我在大唐开诊所 第394节
侯君集嘴里骂着,内心却是无比的激动。
机会啊!
天赐良机啊!
昨天晚上,在身上的剧痛稍缓后,他躺在床上思前想后,越想越怕。
楚天青手中那匪夷所思的武器,陛下对其超乎寻常的容忍,以及程咬金所言的一人灭国......
他想了一夜,最终彻底明白过来,楚天青此人,绝不可得罪,必须设法交好!
毕竟连陛下都需客气三分的人物,若能搭上关系,消除些许恶感,日后没准儿还能成为救命符!

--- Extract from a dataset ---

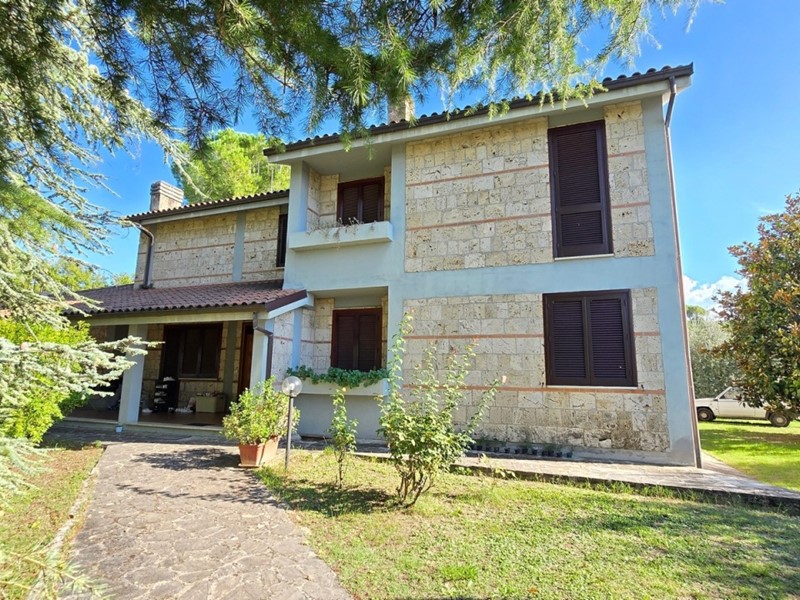 La casa gode di due ampi portici, un ampio giardino (possibilità di fare una piscina) con alberi di alto fusto e ulivi ed un pozzo con varie fontanelle sparse nel giardino.

尤其那造反指控,若真有风吹草动,楚天青一句话,或许便能定他生死!
眼下,正是表明立场,悔过表诚意的绝佳时机!
替楚大夫解决这麻烦,教训这不知天高地厚的世家子,既能展现用处,或还能间接讨好陛下。
这买卖,太划算了!
想到这让,侯君集底气更足,指着卢明远鼻子开骂道。
“楚大夫肯出手治你那劳什子心病,是你卢家祖坟冒青烟!你不感激涕零,好好配合,还敢怀疑楚大夫用心?还敢带人砸医馆?我看你是读书读傻了,被范阳卢氏的招牌糊住了心眼儿!”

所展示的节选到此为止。